In London some of those prominent in Theosophical work were met, including Mr. Trevor Barker, who had at that time had already published THE MAHATMA LETTERS TO A.P. SINNETT was actively engaged in editing H. P. BLAVATSKY'S LETTERS TO A.P. SINNETT. He and Miss Virginia Beadle fell in love and were married.
This brought about a change in the plans of Miss Sophia Camacho, who was determined to go to India as she had promised. Mr. Wadia and she discussed this matter, and they decided that a "marriage of convenience" would be the best method to employ, it being understood from the outset that working for Theosophy was the sole bond between them, and that Mr. Wadia lent her the protection of his name so that the original plan would go forward, and her valuable help could still be made available in India. On this basis they were married in London in 1928.
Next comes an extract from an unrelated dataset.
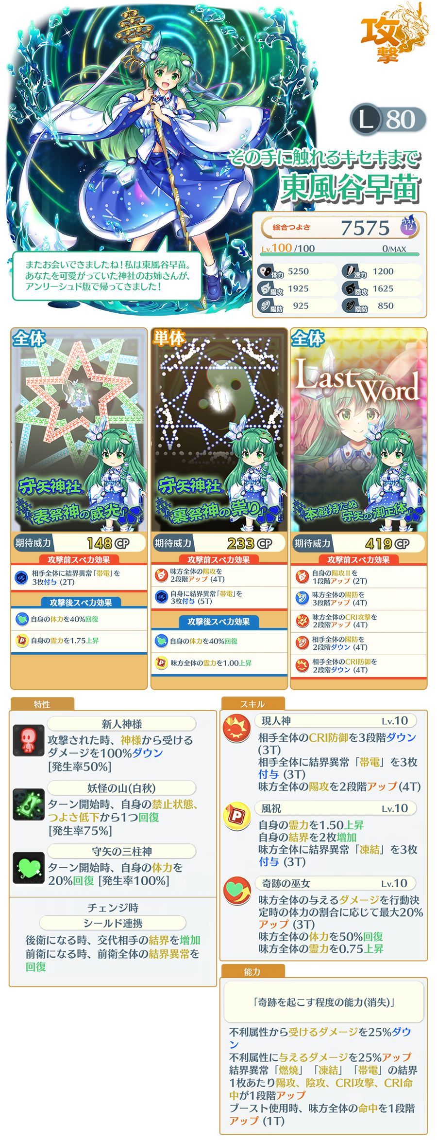 先把上周的留存给写了 [绀-完美无缺EX]早苗 早苗的又一个EX限 技巧式EX限 A15A&世界线 打阳,1750阳攻 1750阳防, 全体结界异常毒+电一共5枚, 蓄力buff是不利增伤40%, II阶buff是回避II2段..... 自身自带40%不利,高达80%的不利增伤还是有点东西的, 但是除此之外的基础buff只能用灾难来形容, 全靠小卡预热,但是即使小卡预热了还是缺buff, 全体小卡

In regard to the publishing of THE MAHATMA LETTERS: Mr. Trevor Barker had earlier written Mr. Wadia and told him of his intention of printing those letters. Mr. Wadia replied that he did not think it was advisable to do that. Mr. Barker went ahead anyway, and had them published. Later when he met Mr. Wadia in London, he is said to have again asked: "Did I do right in publishing them?" To this BPW answered: "You should not have published them, but I am glad that you did it."
The year 1928 found Mr. and Mrs. Wadia on their way from London to India, and together with Mr. T. L. Crombie they visited in October the Netherlands staying at the home of Mr. T. F. Vreede near The Hague. He had been instrumental in bringing back pure Theosophy as presented by the ULT to that town and to Amsterdam. BPW gave a number of talks and conducted study classes.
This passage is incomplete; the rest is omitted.